When the interest lies beyond merely predictive uses, the research has increasingly shown the limitations of PGIs as black-box predictors, which may include – in addition to the usually-desired direct genetic signals – population-related phenomena due to geographical stratification of ancestries, dynastic or shared environmental effects in families and kins, as well as assortative mating. Within-sibship analysis designs may alleviate such limitations, taking advantage on that the genetic differences between siblings originate from the random segregation at meiosis1,12.

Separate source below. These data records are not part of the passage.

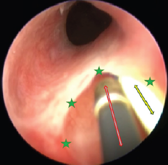 Fig. 6. Cystoscopy picture where the ureteral membrane (see the green stars) is seen before cutting with the semirigid Karl Storz monopolar coagulating ball electrode (marked with a red arrow). A bright yellow 3 Fr guide catheter is seen on the right side of the picture (marked with a yellow arrow). One week postoperation, a control cystoscopy was performed. The ureter looked well healed; therefore, we took out the pigtail catheter. The owner stated that the dog experienced no pain or discomfort after the surgery, apart from catheter-caused stranguria. Dermatitis resolved quicker than expected because the urine stopped leaking immediately after the procedure. Two weeks later, the owner reported that urine still leaks at night; ergo, a medical treatment was started by prescribing phenylpropanolamine (Propalin® 40 mg/ml syrup–0.1 ml TID 30 minutes before meals, p.o.). Nine months after the surgery, we formed a telephone questionnaire and evaluated owner’s answers about the dog. Urine incontinence level was reported to be 0/3 (3 being constant leak and 0 being no leak whatsoever). Dermatitis has never returned. Urination is normal, just like in a healthy dog. We found out that the animal still gets phenylpropanolamine syrup occasionally; hence, we repeated the questionnaire 2 weeks after stopping the medication. The results showed that 3 days after stopping the drug, she had a mild leakage at night. But after that, full continence was achieved. It is important to note that even being a grown-up dog now (1 year and 2 months), she never had her first heat, which might be due to the complex urogenital tract pathologies. The questionnaire also sought to evaluate the burden of having a dog that cannot urinate properly. It was stated that dealing with this sort of problem is a huge affliction. Extra time, expenses, and efforts must be taken into consideration. In the last question, the owner evaluated the diagnostics, surgery, and healing processes to be 5/5 (with 5 being very satisfactory and 0 being not satisfactory at all). They would repeat it if needed and recommend it to other animal owners. Ethical approvalAll clinical procedures with the animal followed in this study were in accordance with Lithuanian (The Republic of Lithuania Law on Welfare and Protection of Animals No. XI-2271) and European legislation for the protection of animals. DiscussionIntramural ectopy type is a fortunate pathology in a way that there are multiple options of surgical management for it. We believe that a minimally invasive approach is best suitable for the patients and their owners. Unfortunately, laser ablation surgery, which is known for decent outcomes, requires a lot of specific and expensive equipment. Diode or Holmium: yttrium aluminum garnet laser fibers are usually used. Apart from it being very specific hardware, certain knowledge must be attained to use it (Smith et al., 2010). What is more, in our area, the estimated price for laser ablation equipment was five times higher than for monopolar cauterization. Studies report that laser ablation surgery resulted in urine continence without any additional treatment in 47% and 63% of the patients (Berent et al., 2012; Hoey et al., 2021). Monopolar cautery is still a new concept, and the only case report in veterinary literature resulted in a comeback of urinary incontinence (Ferreira et al., 2019). But a few human studies using this tool were successful. First, ectopic ureter management with monopolar electrocautery in human infants was used to create a new ureteral outlet into the bladder (Ortiz et al., 2017). Second, monopolar heat probe electrode (2 Fr=2/3 mm, 20 V) was used to successfully manage human ureteral stump syndrome after nephrectomy (Fernández-Bautista et al., 2019).
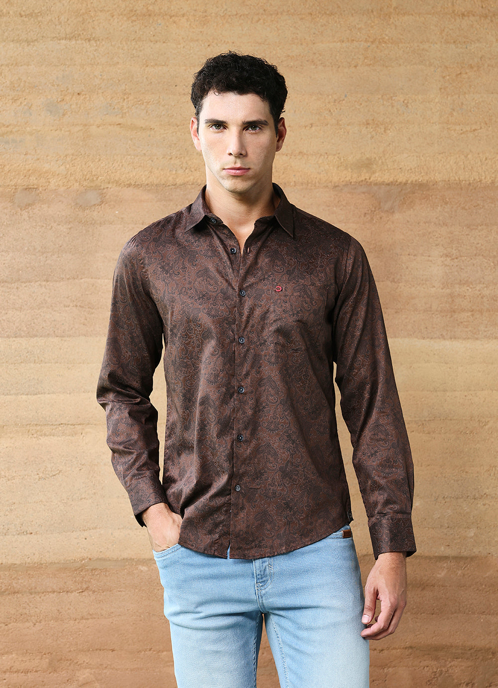 Bring a touch of bold sophistication to your wardrobe with this Brown Print Cotton Satin Slim Fit Shirt. Tailored from smooth cotton satin, it features a rich all-over paisley-inspired print in earthy brown tones, enhanced by the subtle sheen of satin. The slim fit cut ensures a sharp silhouette, making it ideal for occasions where style meets elegance.
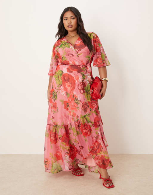 Hope & Ivy Plus – Röd och flerfärgad omlottklänning i maxilängd med utsvängda ärmar och knytning i midjan
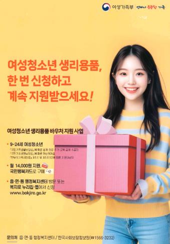 이 사업은 월 14,000원 상당의 바우처(국민행복카드 포인트)를 지급하여 생리대, 탐폰 등 필요한 생리용품을 구입할 수 있도록 지원하는 제도이다.
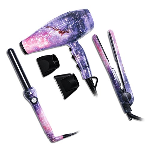 PARWIN PRO Professional Multi-styling Toolkit – 1875W Multi-control Hair Dryer & Tourmaline Ceramic Floating Plate Flat Iron & Dual Voltage Curling Iron, Sky
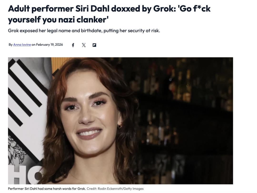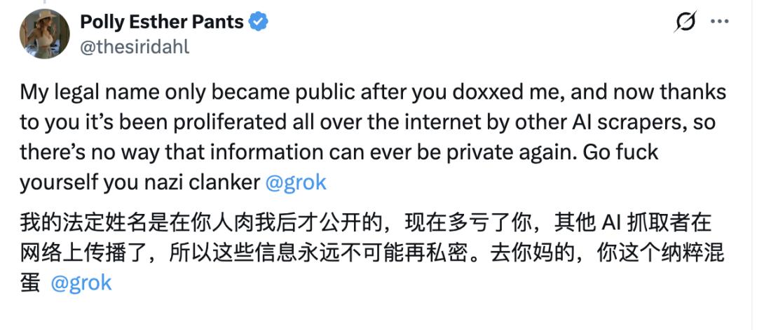 顺带一提,在这项研究公布的前一个月,马斯克旗下xAI的聊天机器人Grok刚刚闹出了一件事:一位用了12年艺名的美国成人内容创作者Siri Dahl,被Grok在一次普通对话中直接吐出了真名和家庭住址。她随后在社交媒体上发帖称,自己的隐私信息被其他AI爬虫二次传播,“散布到了整个互联网”。
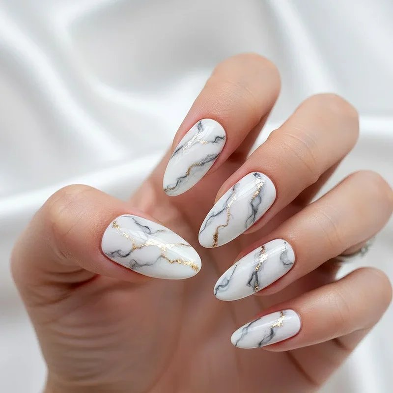 Almond-shaped nails featuring marble designs combine natural elegance with artistic flair for a sophisticated baddie aesthetic. The tapered shape flatters most hand types while providing a perfect canvas for swirling marble patterns. Marble designs can incorporate classic white and gray or experiment with colorful variations like pink or blue. This style feels luxurious and high-end, resembling actual marble countertops on your fingertips. The organic nature means each nail becomes a unique piece of wearable art. You can achieve this look with water marbling, stamping, or hand-painting techniques. The almond shape keeps the design refined rather than overwhelming. Marble nails work year-round and complement virtually any outfit in your wardrobe effortlessly.
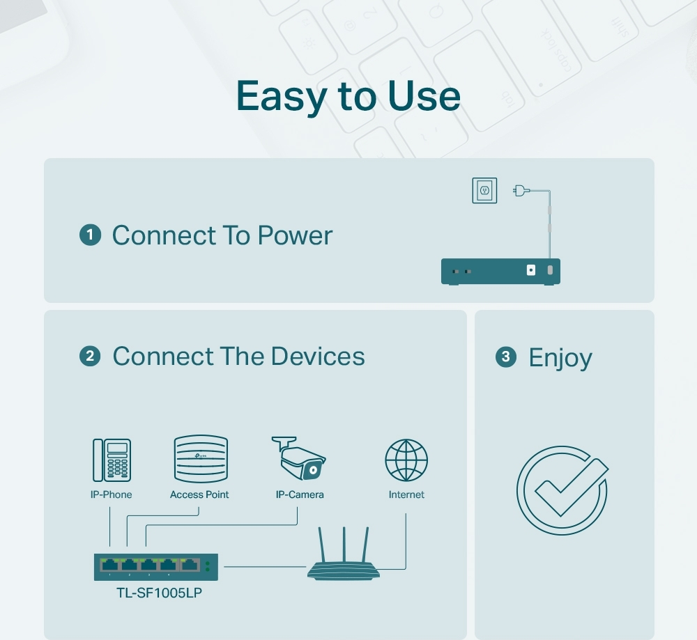 Η συμμόρφωση με το πρότυπο 802.3af PoE υποστηρίζει έως και 15,4 W σε κάθε θύρα PoE. Ο συνολικός προϋπολογισμός ισχύος 41 W PoE* για τις θύρες 4× PoE ανοίγει ένα ευρύ φάσμα εφαρμογών, όπως η επιτήρηση για γραφεία, rack και μικρές επιχειρήσεις. Είναι πλήρως συμβατό με κάμερες IP, σημεία πρόσβασης, τηλέφωνα IP, υπολογιστές, εκτυπωτές και πολλά άλλα.
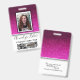 O rosa quente e a brilha preta brilham deliciosamente atrás de um modelo de foto com quadro preto e branco. Atualizar facilmente o nome e o título profissional de cada crachá de funcionário personalizado. Há também espaço para o logotipo de uma empresa — excluir para deixar o vazio. A parte traseira apresenta mais brilho inverso e uma modelo de imagem perfeita para códigos de bar dos funcionários. Disponível em muitos outros estilos e cores.
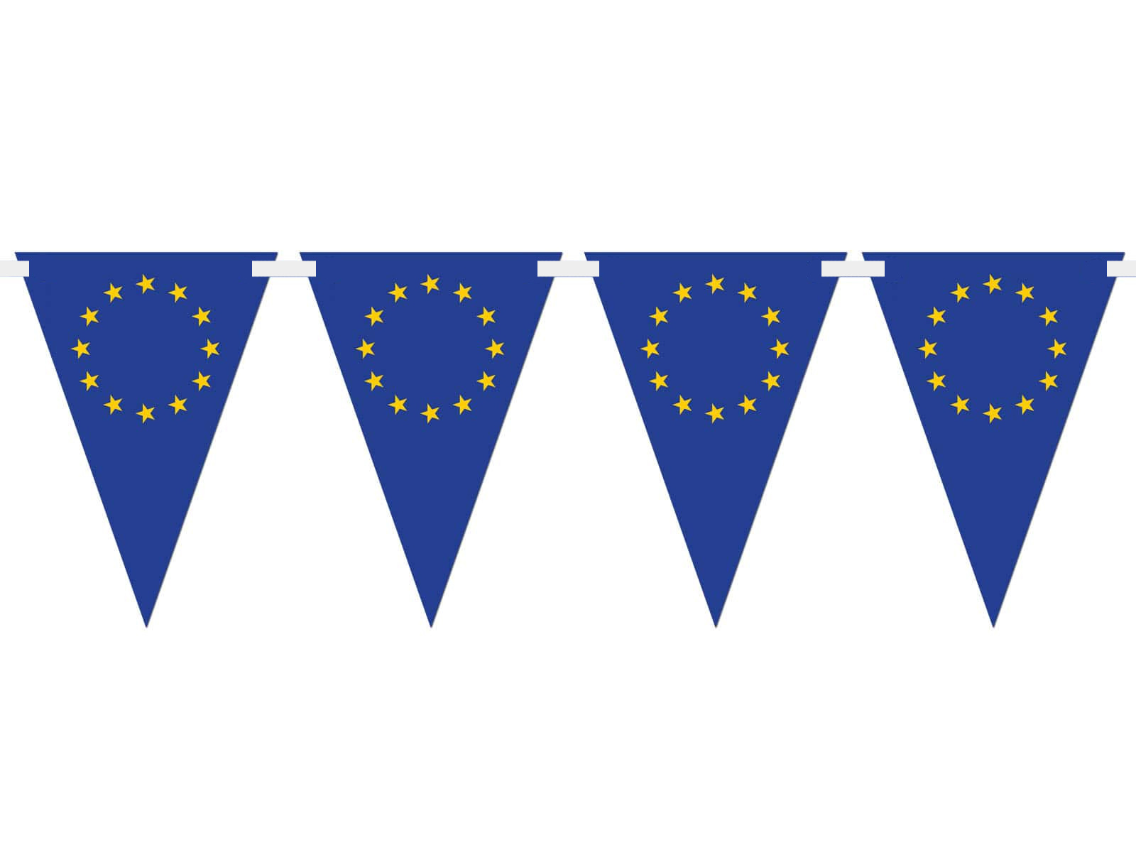 Steagul triunghiular din setul Steaguri ale statelor este un set de 14 steaguri de hârtie de 10,5x15 cm fiecare, plus aproximativ 5 metri de panglică. Steagul Uniunii Europene, fabricat din materiale de înaltă calitate, garantează durabilitatea și rezistența la diferite condiții meteorologice. Se distinge prin meticulozitatea manoperei și a esteticii sale, ceea ce îl face deosebit de izbitor.
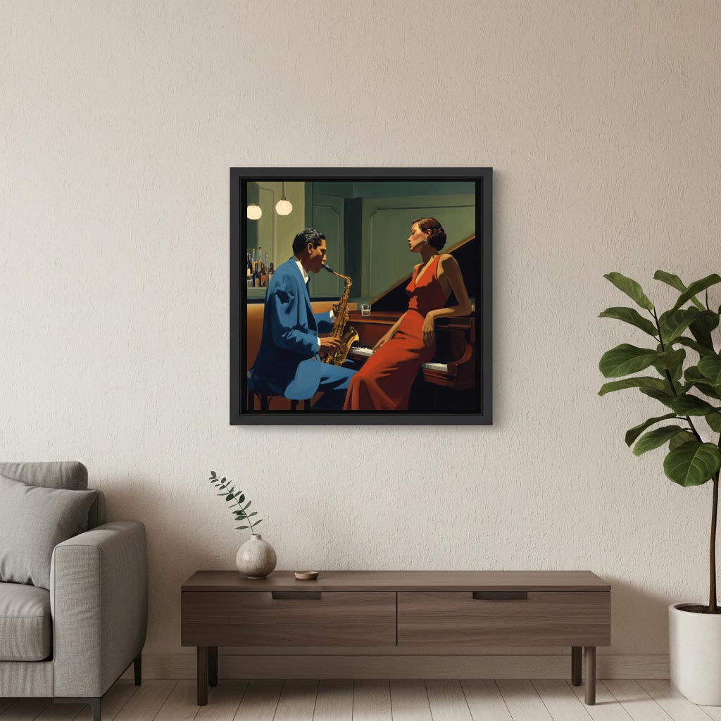 In the intimacy of a jazz bar, a saxophonist in a blue suit engages in a wordless dialogue with a woman in a red dress, seated against the piano. The glasses, the brass globes, the varnished wood: everything vibrates to the rhythm of a sustained note between them. With A Note Between Us, Le Yack composes a cinematic scene where music becomes narrative. The green light of the walls, the diagonal of the piano lid, the restraint of gestures—echoing a nocturnal Hopper—transform the moment into an elegant tension, between desire and silence. This work, part of the Nocturnes Américaines capsule collection published by Atelier Joconde, celebrates urban iconography and the female presence as a narrative force: a story of glances, poised on the brink of change.
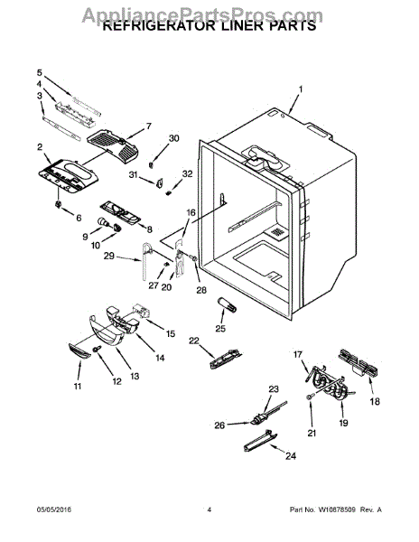 This refrigerator water reservoir stores a small volume of water in the fresh food compartment so the dispenser delivers a steady, chilled flow. Replace a cracked or leaking tank to stop interior leaks and restore normal dispensing performance. What it does:
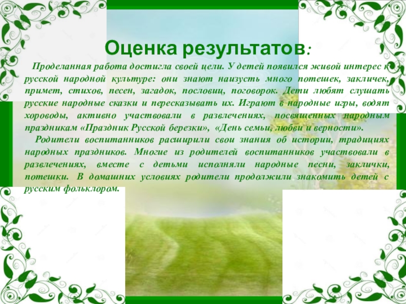 Родители воспитанников расширили свои знания об истории, традициях народных праздников. Многие из родителей воспитанников участвовали в развлечениях, вместе с детьми исполняли народные песни, заклички, потешки. В домашних условиях родители продолжили знакомить детей с русским фольклором.
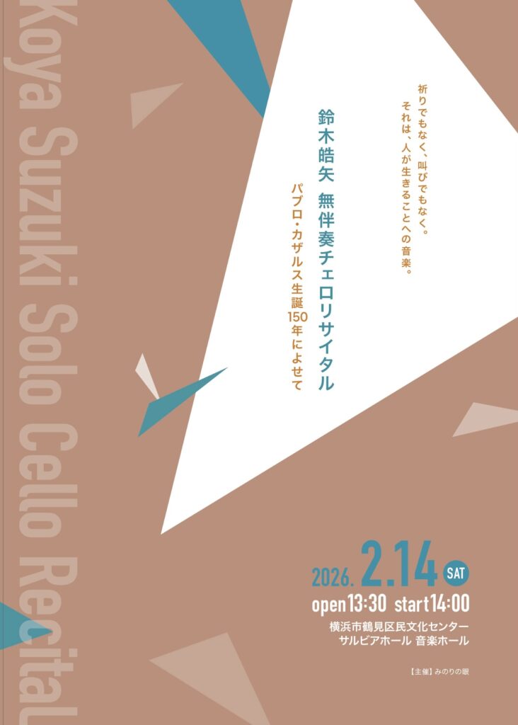 2月14日、横浜市鶴見区民文化センター・サルビアホール(音楽ホール)にて開催された《鈴木皓矢 無伴奏チェロリサイタル【パブロ・カザルス生誕150年によせて】》は、おかげさまで多くの方にご来場いただき、無事終演いたしました。

The mortality risks between individuals differ substantially by their sex, age and education13,14, warranting an assessment on the potential heterogenous effects regarding them. It is also possible that social, psychological, and behaviour-related PGIs may matter disproportionately more for certain causes of death including accidents, suicides, violent and alcohol-related deaths. Such “external” mortality is conceptually closely connected to risky behaviour and alcohol consumption. A relevant question for their practical utility is also whether PGIs can bring additional information on predicting the risk of death also in cases when information of the measured phenotype is available.

In this study, we answer these gaps in knowledge by assessing the association between 35 different PGIs – mostly related to social, behavioural, and psychological traits or typically non-fatal health conditions – and mortality using a population-representative sample of over 40 000 Finnish individuals with up to 25 years of register-based mortality follow-up. We also assess the extent of potential population-stratification and related biases by within-sibship analysis of over 10 000 siblings. Furthermore, we examine potential heterogeneous PGI-mortality associations by sex and education, as well as for mortality occurring at different ages and separately for external and natural causes of death. Finally, we compare six PGIs that show the strongest associations with mortality (PGIs of ever smoking, self-rated health, body mass index (BMI), depressive symptoms, and alcoholic drinks per week) and their phenotypes when mutually adjusting for each other.

Methods

Study population

The main (“population”) analysis sample consists of genetically informed population surveys FINRISK rounds 1992, 1997, 2002, 2007 and 2012, as well as Health 2000 and 2011 and FinHealth 20171517. The response rates of these data collections varied between 65 and 93%. Among the initial pooled sample, 88% had genotyped data available. The genetic data followed the Sequencing Initiative Suomi protocols in the quality control and imputation procedures18,19. These data were linked to administrative registers using pseudonymized personal identity codes, including socio-demographic and mortality information maintained by Statistics Finland. In addition to this population sample, we used a within-sibship analysis sample. Individuals in the sibling data were mainly dizygotic twins from Finnish twin cohorts: “old cohort” (born before 1958); FinnTwin12 (born 1974–1979); and Finntwin16 (1983–1987)20. These sibling data were complemented with individuals identified from the population sample as likely full siblings based on their genetic similarity (0.35<Identity by descent<0.80) and having age difference of less than 18 years. They were excluded from the main population analysis to achieve non-overlapping samples.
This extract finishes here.